**Source data**.
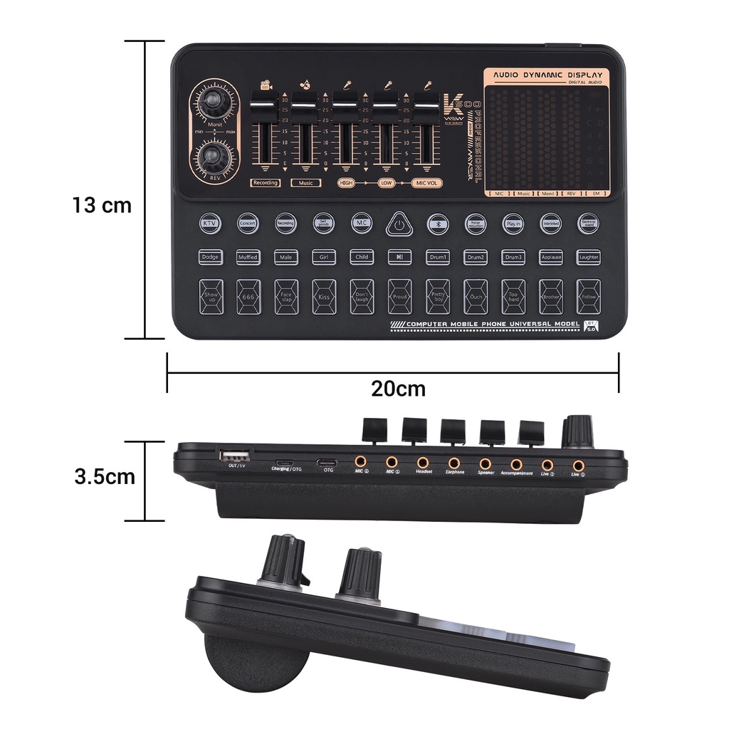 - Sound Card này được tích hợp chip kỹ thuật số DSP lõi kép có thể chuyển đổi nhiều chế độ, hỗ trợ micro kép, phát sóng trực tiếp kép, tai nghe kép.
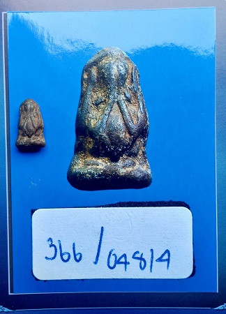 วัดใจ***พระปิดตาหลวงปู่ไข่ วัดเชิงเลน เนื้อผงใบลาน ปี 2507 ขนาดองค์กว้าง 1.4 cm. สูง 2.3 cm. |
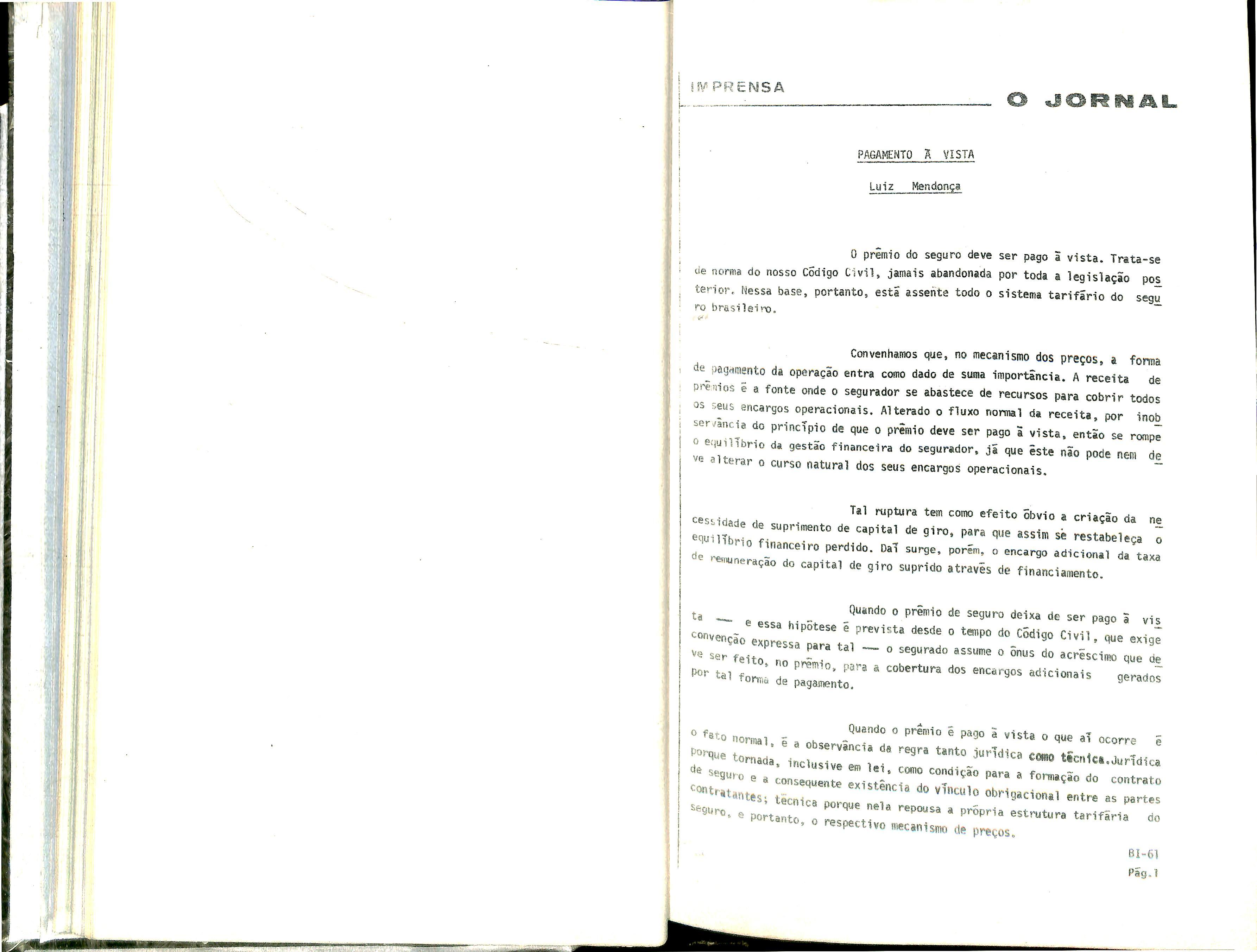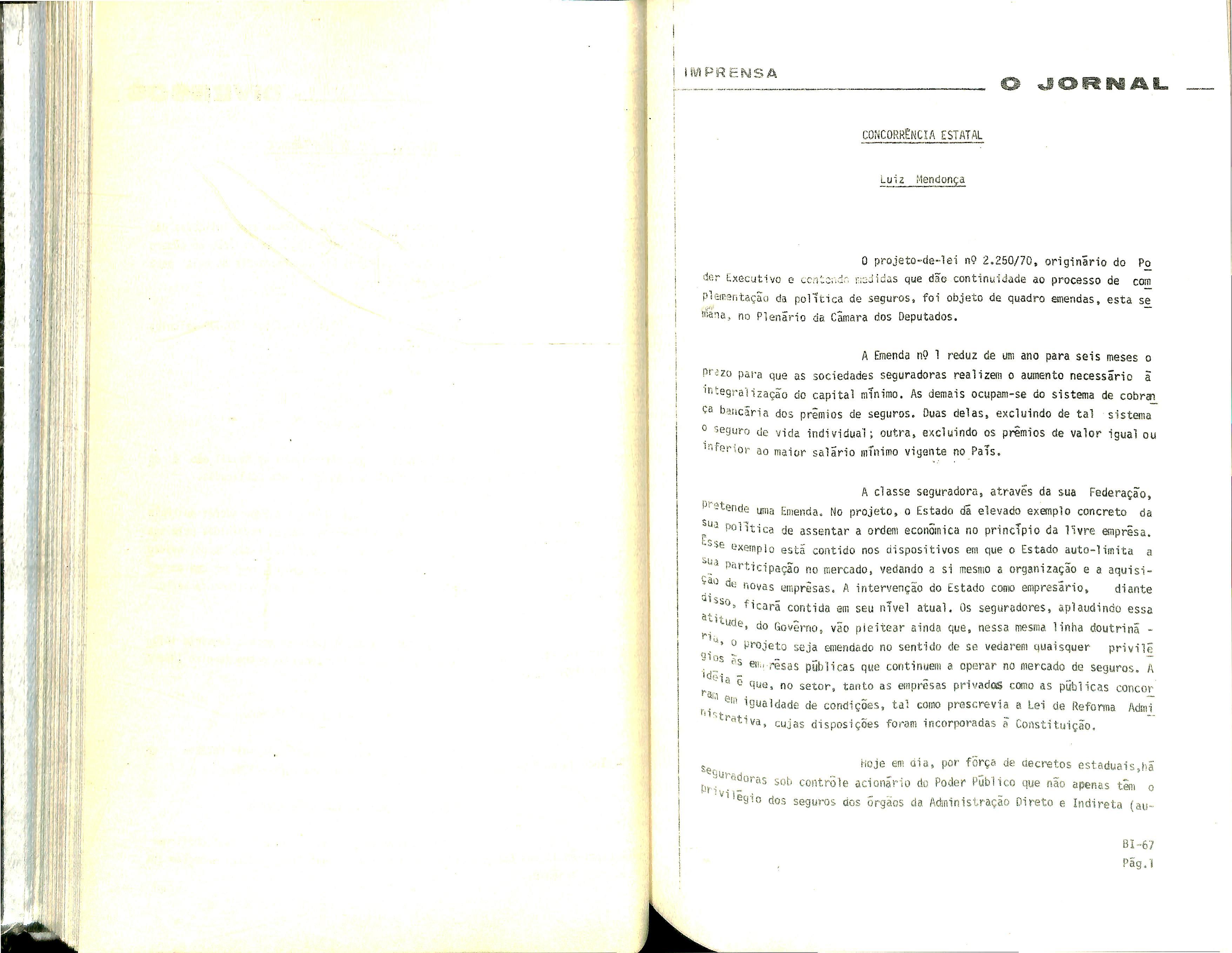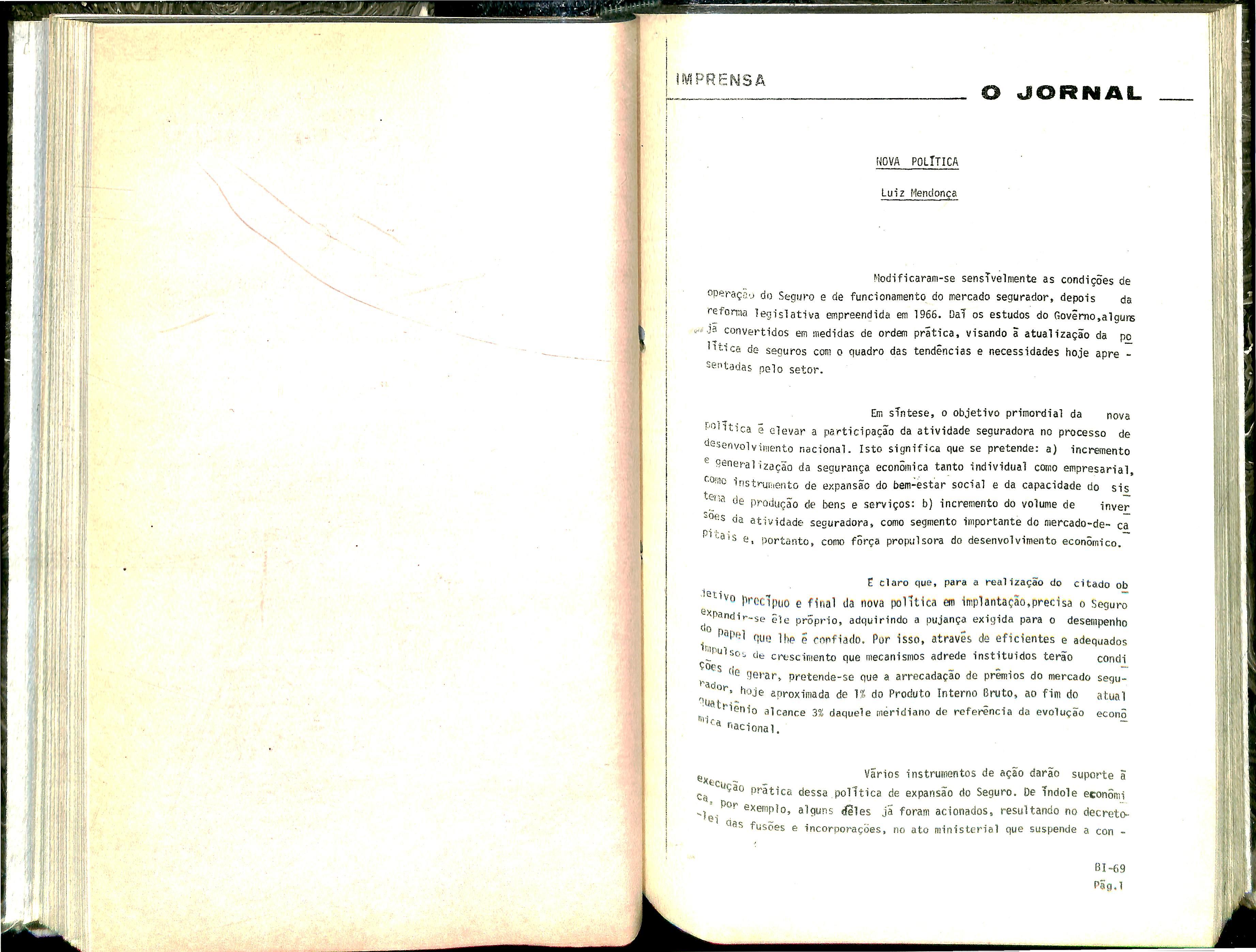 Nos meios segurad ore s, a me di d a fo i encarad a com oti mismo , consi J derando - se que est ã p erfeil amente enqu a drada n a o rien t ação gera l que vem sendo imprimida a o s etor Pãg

* * *

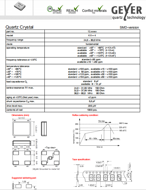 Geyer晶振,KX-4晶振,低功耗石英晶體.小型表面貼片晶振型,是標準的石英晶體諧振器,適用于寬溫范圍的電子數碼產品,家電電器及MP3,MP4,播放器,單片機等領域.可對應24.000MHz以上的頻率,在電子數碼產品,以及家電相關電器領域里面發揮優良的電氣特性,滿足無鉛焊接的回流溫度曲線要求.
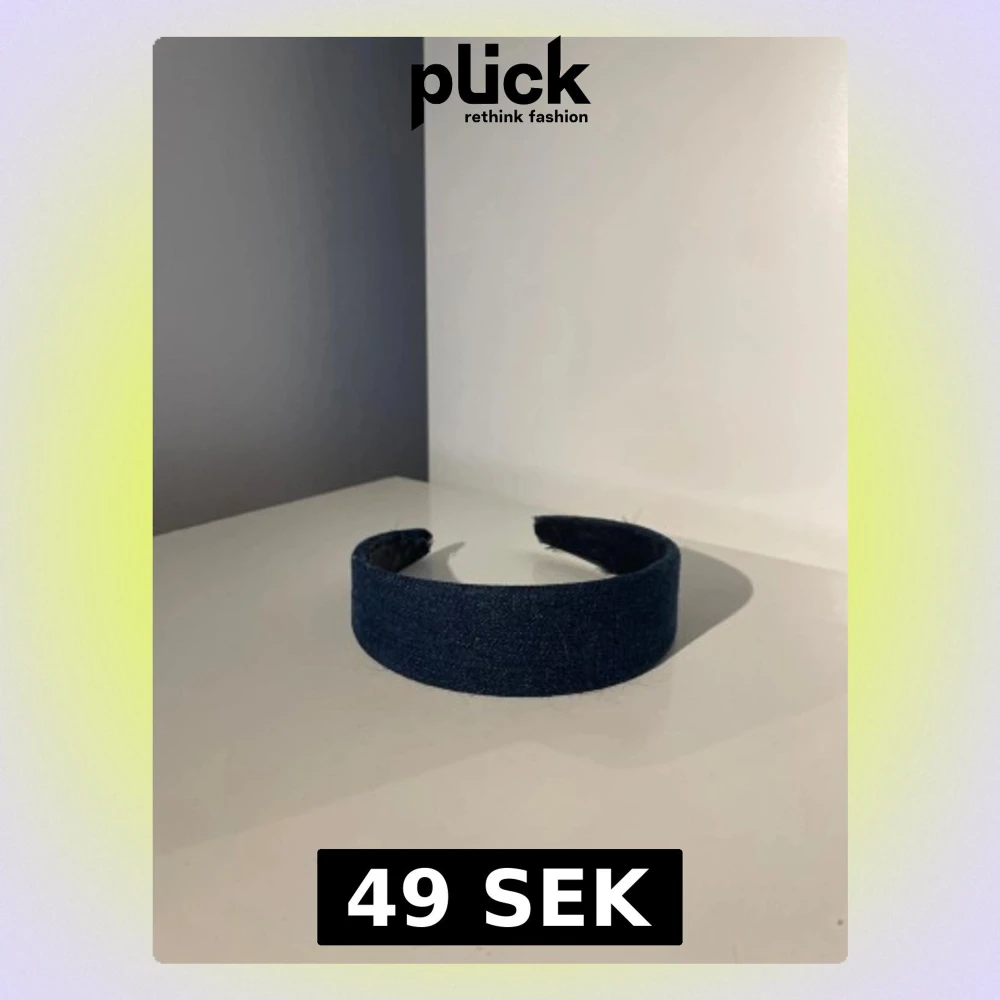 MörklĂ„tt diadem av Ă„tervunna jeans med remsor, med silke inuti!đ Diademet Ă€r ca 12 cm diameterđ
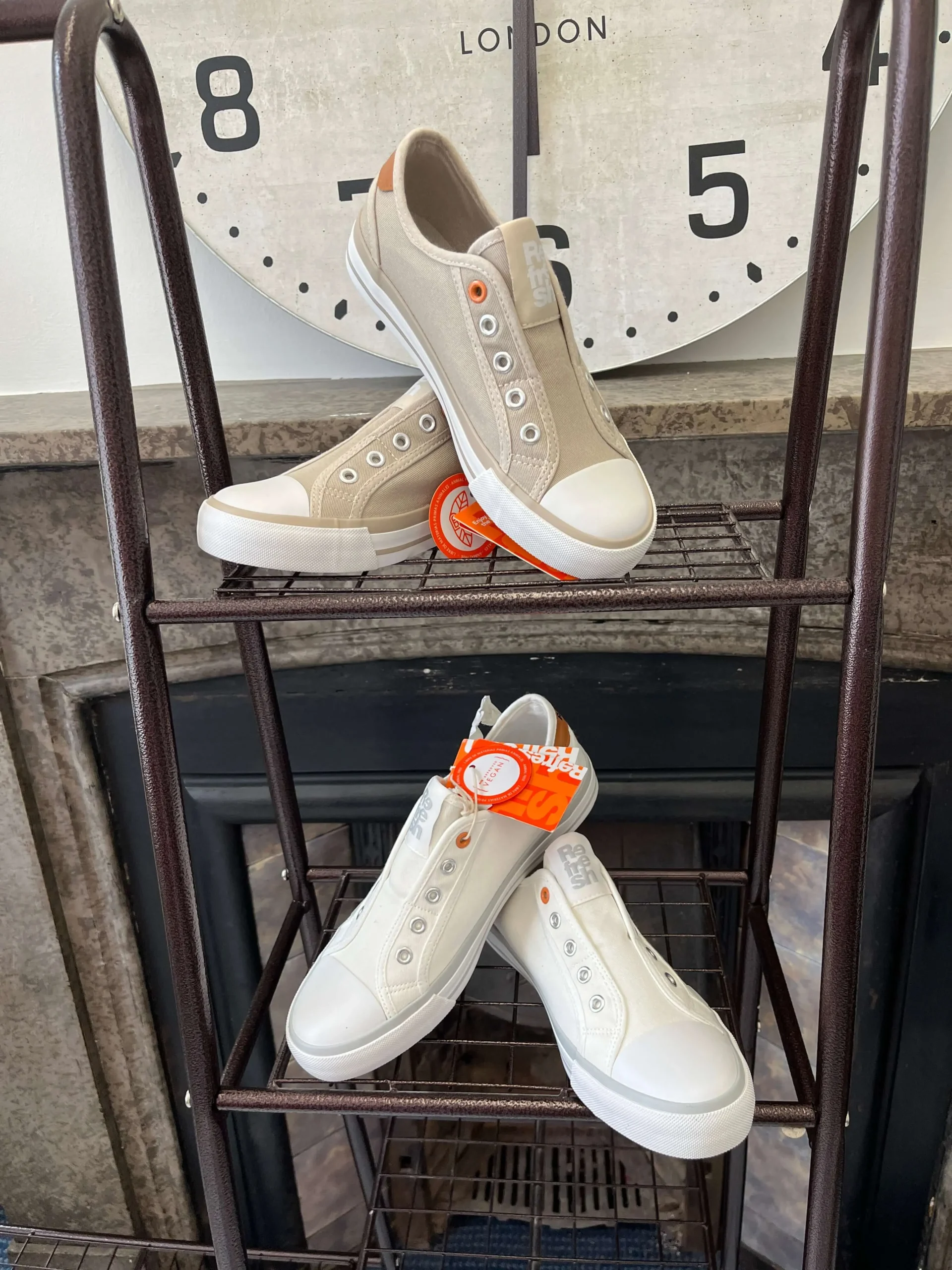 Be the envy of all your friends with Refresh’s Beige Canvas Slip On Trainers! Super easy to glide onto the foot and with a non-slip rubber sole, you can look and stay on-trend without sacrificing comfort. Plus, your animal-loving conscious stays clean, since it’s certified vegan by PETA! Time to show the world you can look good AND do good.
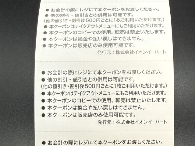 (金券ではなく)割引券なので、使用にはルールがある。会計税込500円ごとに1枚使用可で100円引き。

...

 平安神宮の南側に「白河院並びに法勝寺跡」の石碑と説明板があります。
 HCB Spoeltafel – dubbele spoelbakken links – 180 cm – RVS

**To do**. Beginning at the line above that contains "- Sound Card", repeat each line exactly through the one that contains "Nos meios segurad", and leave out the pictures.

**Task answer**.
 - Sound Card này được tích hợp chip kỹ thuật số DSP lõi kép có thể chuyển đổi nhiều chế độ, hỗ trợ micro kép, phát sóng trực tiếp kép, tai nghe kép.
 วัดใจ***พระปิดตาหลวงปู่ไข่ วัดเชิงเลน เนื้อผงใบลาน ปี 2507 ขนาดองค์กว้าง 1.4 cm. สูง 2.3 cm. |
 Nos meios segurad ore s, a me di d a fo i encarad a com oti mismo , consi J derando - se que est ã p erfeil amente enqu a drada n a o rien t ação gera l que vem sendo imprimida a o s etor Pãg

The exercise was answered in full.